- Figure 01 -
aerial apparition phenomenon / recorded wave transmissions
- Figure 02 -
visitor / further wave phenomenon
- Figure 03 -
curtain simulation memory / day
- Figure 04 -
indivisible universe diagram
- Figure 05 -
documented mercury tree
- Figure 06 -
final visit
october 10, 2022 - 1:27 am
Suspended to the northeast of my apartment is a thick sheet of cloud saturated in an ill-lit, oppressive orange light. During those apocalyptic months of the pandemic when the fires were at their worst, I would see this aurora approach me as I drove home and assume it to be some distant inferno. Eventually the flames died out and the ash was wiped from my windowsill, but the light still lingered. In the late evenings, I’d stand outside my car and watch it cast its reach over the eastern hills. It did not move, but hung silently, interrupted only by the descending tone of passing vehicles. I became fascinated with a nearby tree that silhouetted itself against this murderous orange sky, the leaves of its great branches harshly revealed by a streetlight bent over in its inspection. I was almost afraid as the landscape watched me.
I remembered as a kid when I had to walk out into the night to dump the trash out at the far end of my street— the urgency that compelled me to hurry my task. As I’d turn home, an irrational idea of Dark overwhelmed me, igniting a primitive fear that lay deep beneath the foundations of my modern mind. I felt an intense movement of malevolence emanating from its blackness, trailing behind me, chasing me, its many arms extended to grasp my body.
If I stood by my car and stared too long at this tree and the sky beyond it, I felt much the same.

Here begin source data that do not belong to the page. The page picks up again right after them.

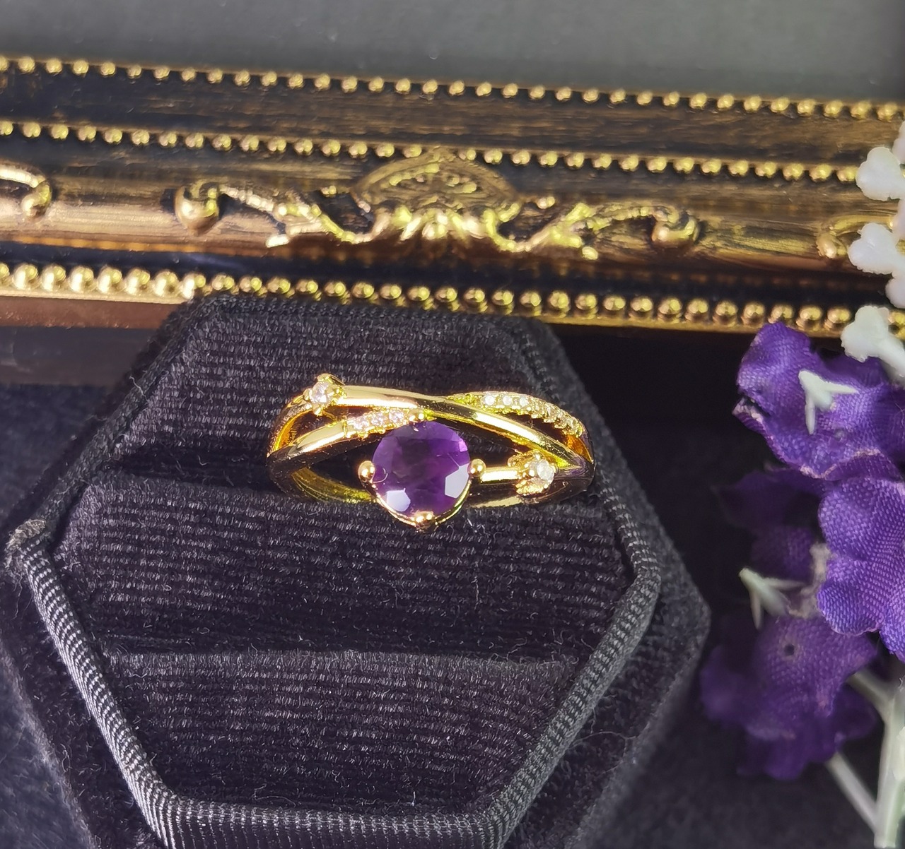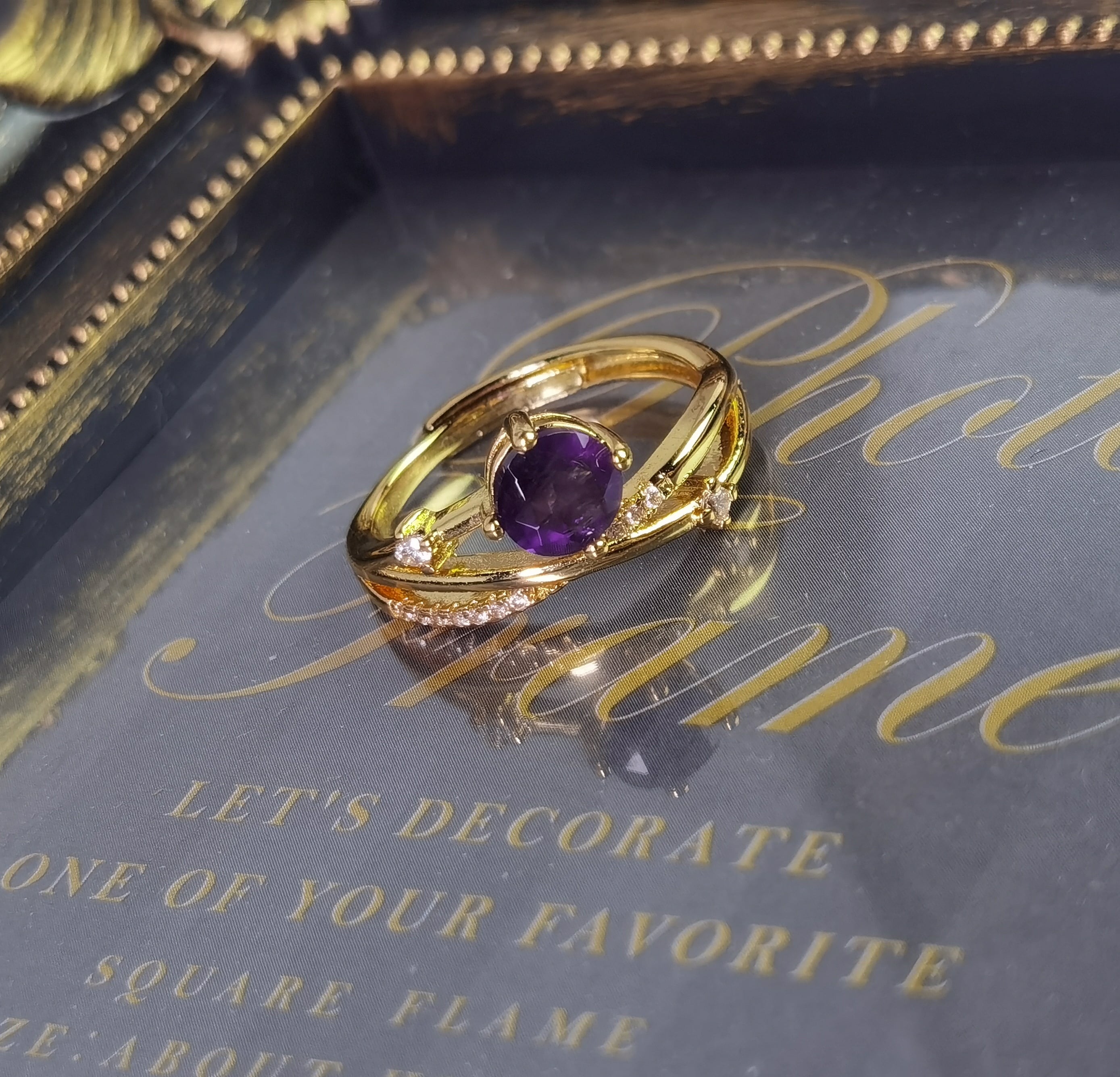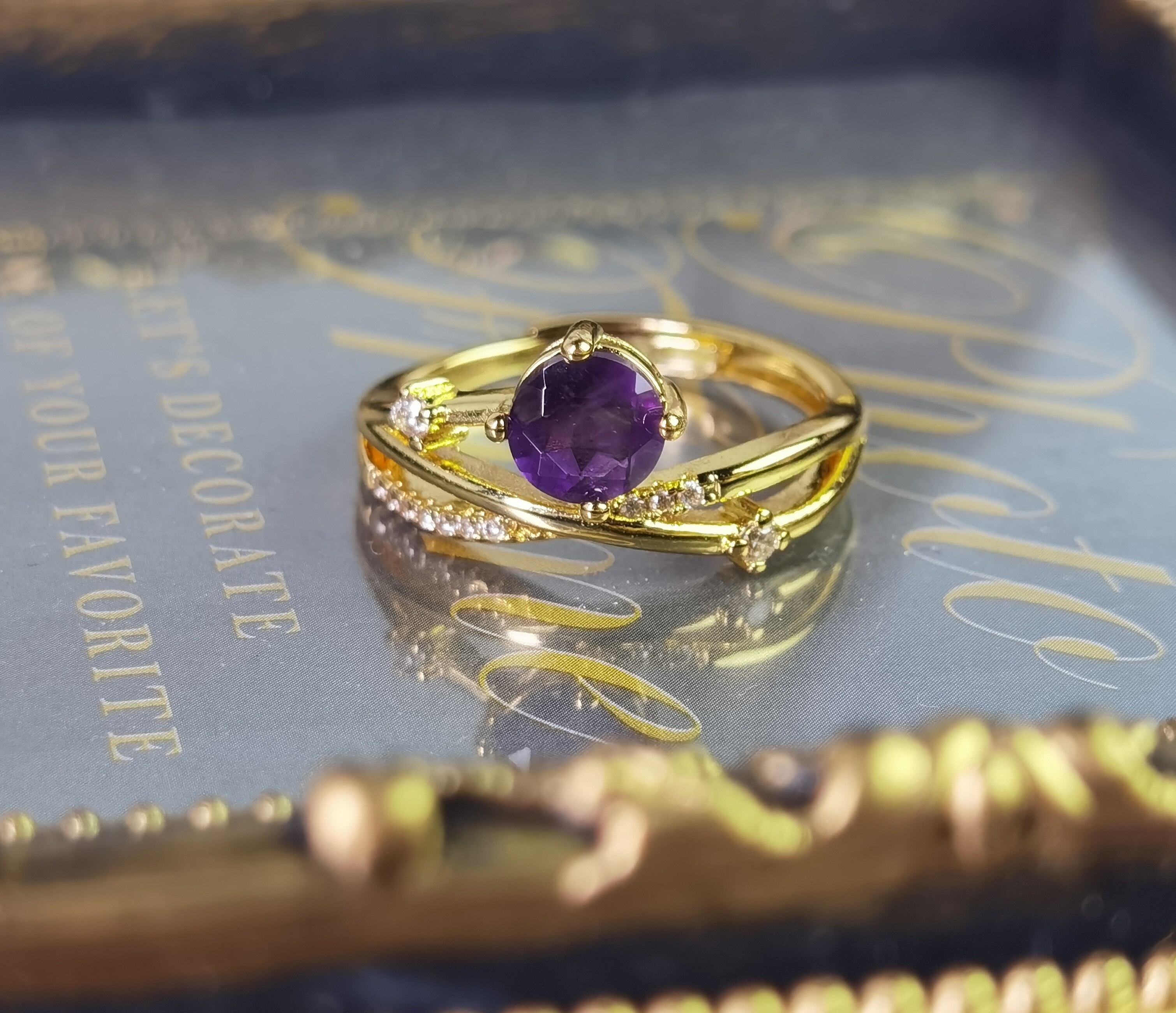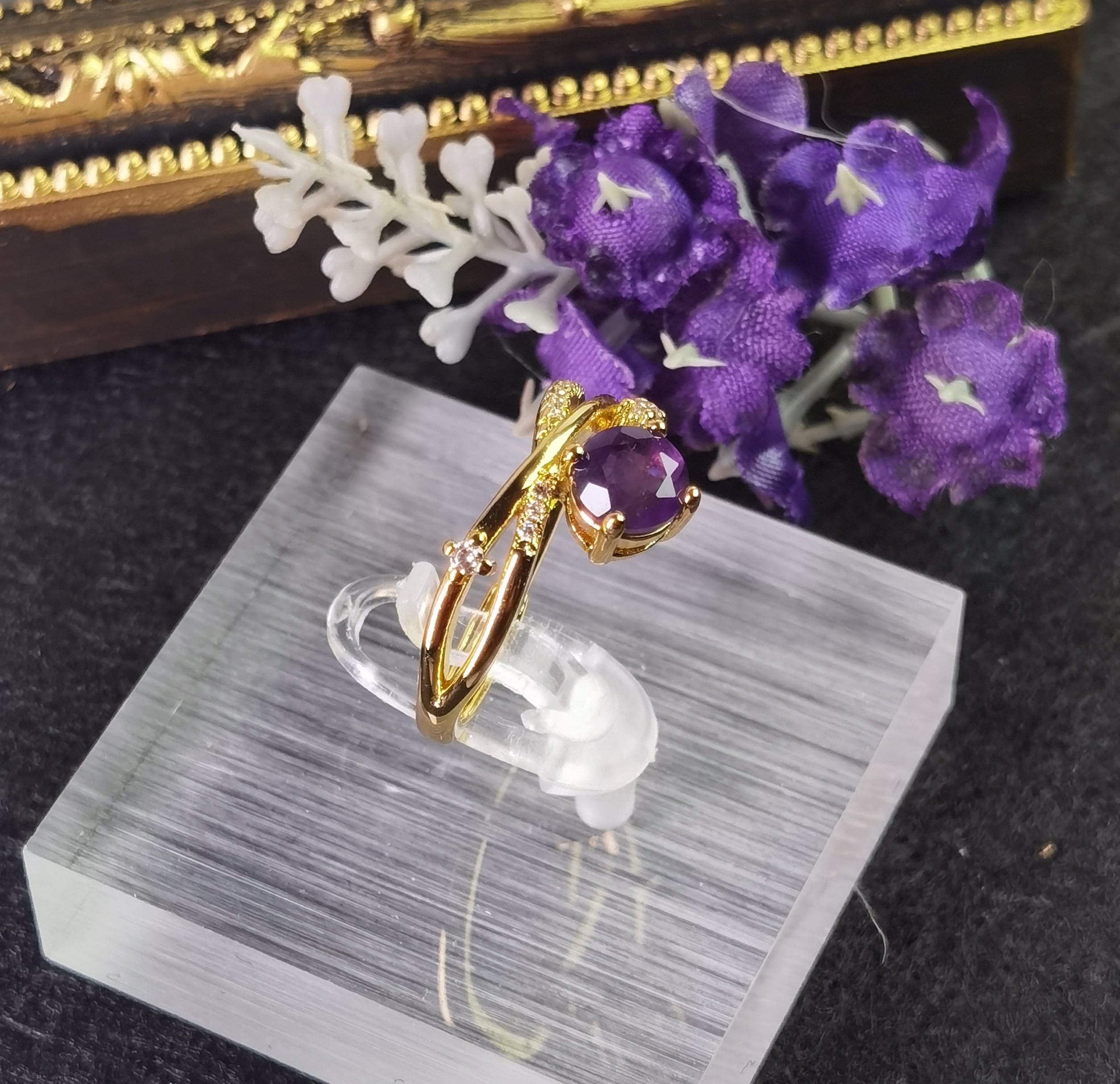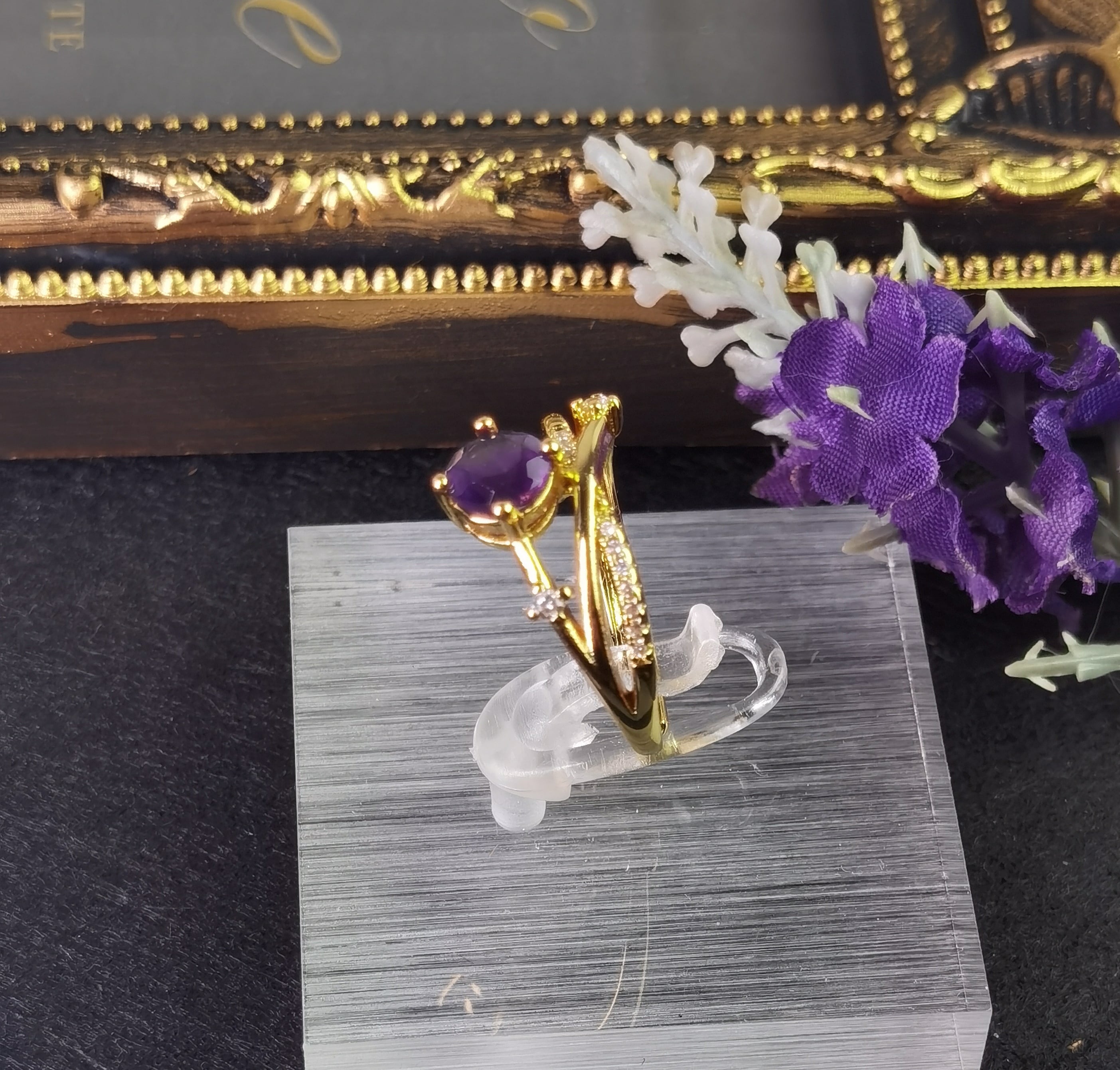 --☆このリングは、夜空を駆け抜ける紫の流星を思わせるアメジストの美しさが際立っています。中央に鎮座する鮮やかな紫色のアメジストは、まるで宇宙の不思議を映し出す宝石のよう。その周囲を飾るジルコニアは、小さな星々がキラキラと輝く姿を連想させ、エレガントでありながらもプレイフルなデザインが特徴です。GOLDの輝きとアメジストの深い紫が織り成すコントラストは、どんな装いにも洗練されたアクセントを加えてくれるでしょう。流星と星々が夜空に描く物語のように、身に着ける人の日常にもロマンチックな輝きを添えてくれます。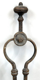 Lotto di tre accessori da camino in bronzo, composto da una paletta, un attizzatoio ed una pinza, misure max cm 73,5, XX secolo, (difetti).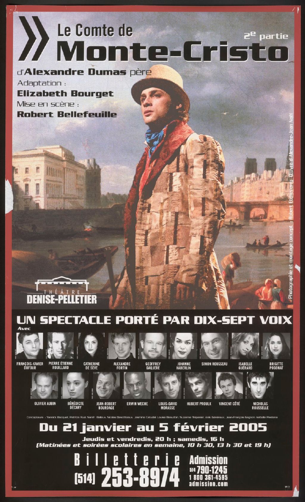 Le comte de Monte-Cristo, 2e partie, d'Alexandre Dumas père, adaptation Elizabeth Bourget, mise en scène Robert Bellefeuille un spectacle porté par dix-sept voix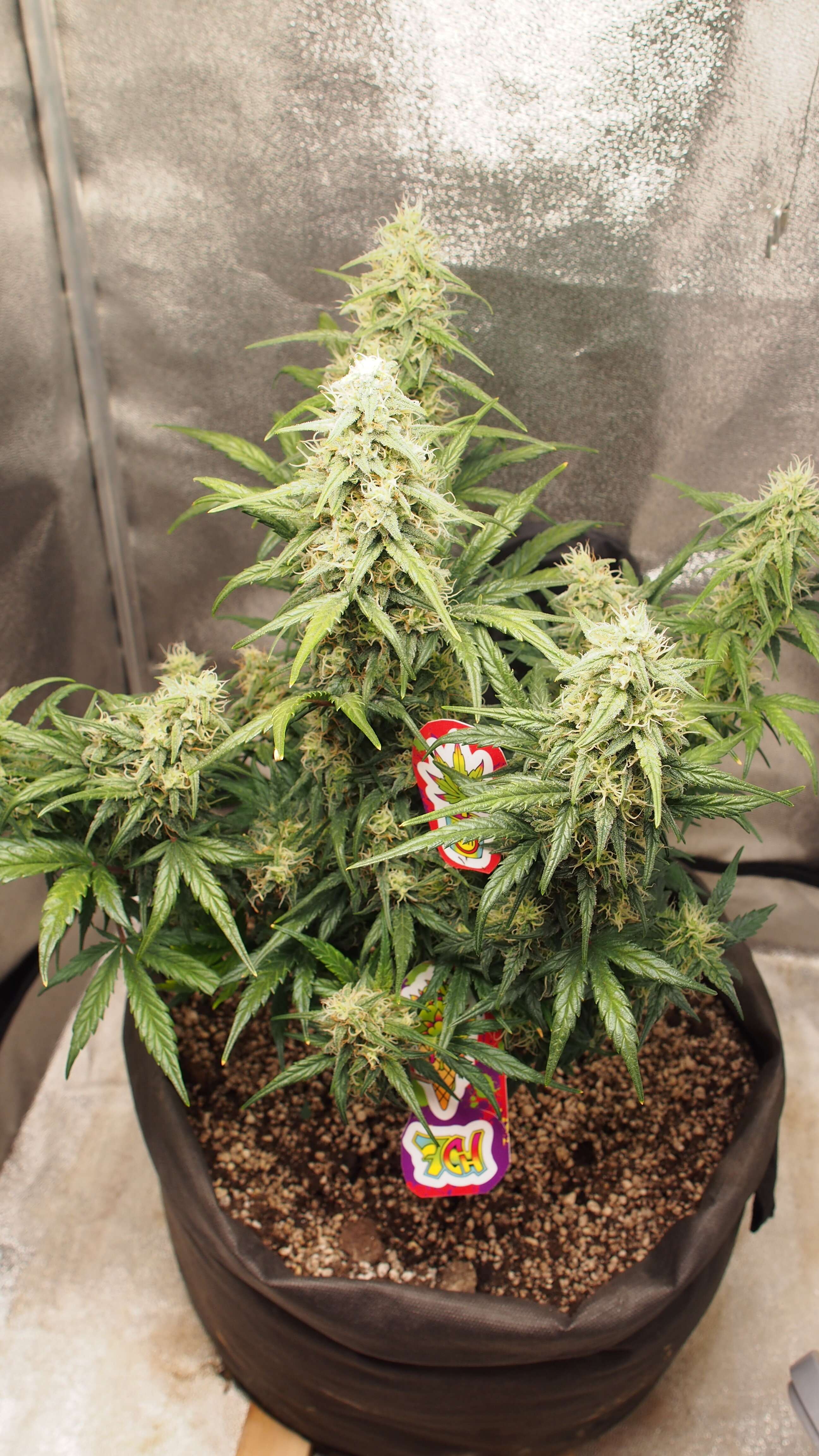 Я могу констатировать, что то, что получилось на сегодняшний день, это отличный кандидат на стелс-гровинг или микрогровинг.Все условия тут соблюдаются: очень короткие сроки веги/цветения, высота до 40 см, очень слабый запах (практически нет на сегодняшний момент), очень крепкие стебли и сплошные плотные соцветия. Запах - он практически отсутствует на текущий момент, едва уловимый привкус лимона. НО, если вы потрагаете руками ветки или соцветия, то тут же все наполняется запахом лимона, скунса, фруктов, мармелада. Все пальцы становятся липкими - т.е. формирование трихом и смолы идёт полноценно.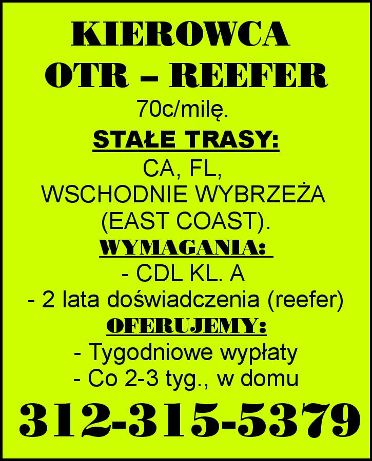 KIEROWCA OTR – REEFER 70c/milę. STAŁE TRASY: CA, FL, WSCHODNIE WYBRZEŻA (EAST COAST) WYMAGANIA: - CDL KL. A - 2 lata doświadczenia (reefer) OFERUJEMY: - Tygodniowe wypłaty - Co 2-3 tyg. w domu 312-315-5379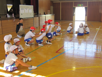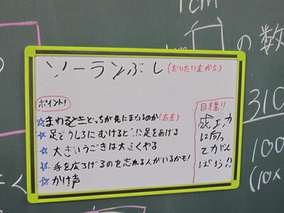 下学年は運動会の基本的な姿勢とラジオ体操、ダンス「青と夏」を練習しました。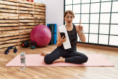 Zdjęcie "Kobieta w średnim wieku siedzi na macie treningowej na siłowni za pomocą smartfona zaskoczony wskazując palcem w bok, otwarte usta zdumiony wyraz. " może być wykorzystywane do celów osobistych i komercyjnych zgodnie z warunkami zakupionej licencji Royalty-free. Obraz jest dostępny do pobrania w jakości wysokiej rozdzielczości do 5760x3840.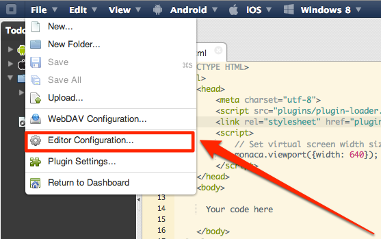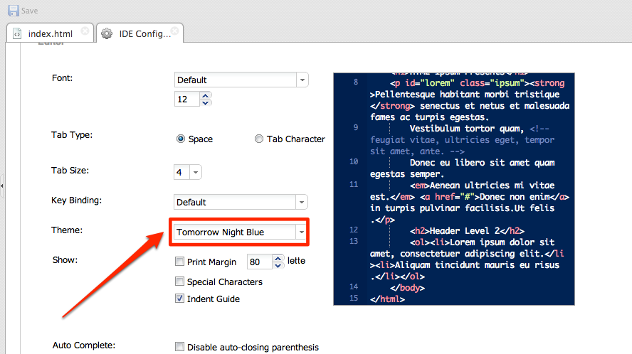 You can set up the color Theme of the Monaca IDE Editor as you like by editing Editor Configuration, as shown in the figure below.
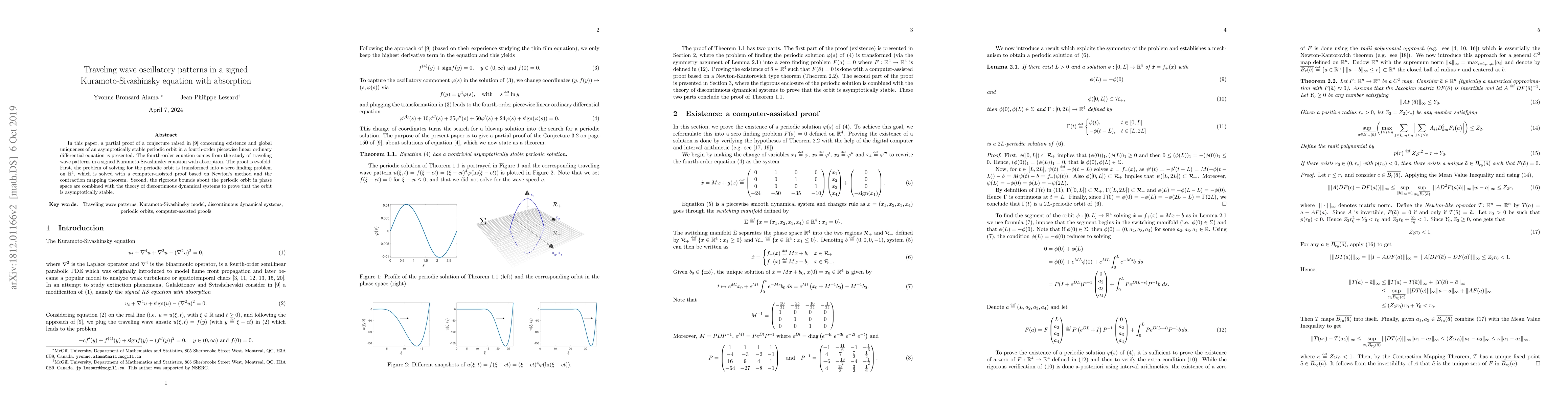 This paper proves the existence and global uniqueness of an asymptotically stable periodic orbit in a fourth-order differential equation derived from the signed Kuramoto-Sivashinsky equation with absorption. The proof involves transforming the problem into a zero finding issue and using computer-assisted methods, along with rigorous bounds and discontinuous dynamical systems theory.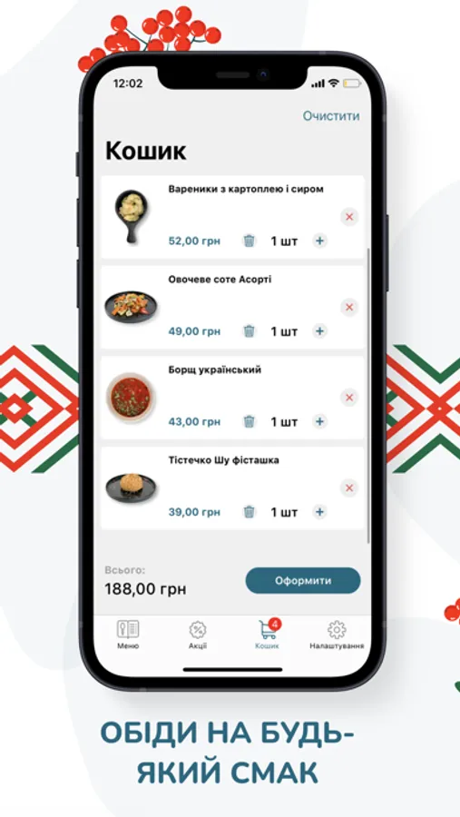 • обрати страви на вибір або ж замовити комплексний обід;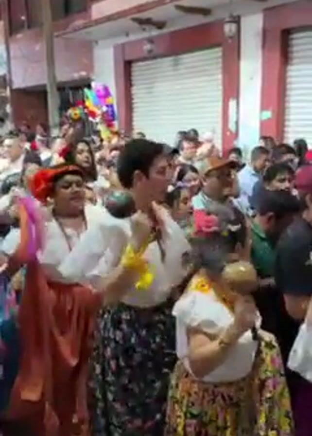 A lively street parade is in progress, filled with people celebrating under colorful overhead decorations. The participants are dressed in a mix of casual and traditional clothing, with several women wearing floral skirts, white blouses, and flower headpieces. They're holding maracas and other objects, shaking and dancing along to the music, though the source isn't visible. The crowd includes a diverse group of people, many smiling and appearing to be engaged in the festivities. Buildings line the street, some with closed shutters. The overall atmosphere is cheerful and celebratory.

At my age, I think less of my own loneliness at night. I wonder if I should be more afraid. To my younger self, I must seem very brave for sleeping alone, left to deal in isolation with the nightmares that wake me and figures that stand at the far corners of my room. Entirely separate from those childhood fears, I hold a renewed paranoia of the night from the trauma of my previous assault at the train station, but it competes with an intense curiosity to explore and photograph new dark corners. I wander about the suburban streets on foot, sometimes driving, but always feeling this strange contradiction: that I am both afraid of being attacked and that I am myself a figure of suspicion.
I eventually discovered that the strange light originated from a nearby neighborhood, which had planted a multitude of eerie street lamps that sat tall above the sidewalks, nestled in trees, casting an eternal, sickly yellow-orange glow that clung to every surface. This plague of hue was hidden in plain view, and only when the clouds gathered low in the hills could it be projected onto the sky. I was afraid of visiting this neighborhood because of the people I might encounter and because I was a stranger. When I did, I felt myself being watched.
These images are mostly of the light as I saw it from my home. It still watches me now and then. It has reached an almost literary status in my mind as the perfected metaphor—an anxiety captured in this concentrated location, manifested in physical form as a radiating light.
I extend this metaphor to these photographs, many of which are laden with noise due to the low lighting of the scene. In these extreme exposures, the curvature of the camera’s lens is almost visible, creating waves that disseminate from a central point of the frame. I did what I could to manipulate and exaggerate these features in what is admittedly a retread in aesthetics. It’s been about eight years since I was first interested in documenting the suburbs at night. At this point, it is undoubtedly a permanent fixture in my art.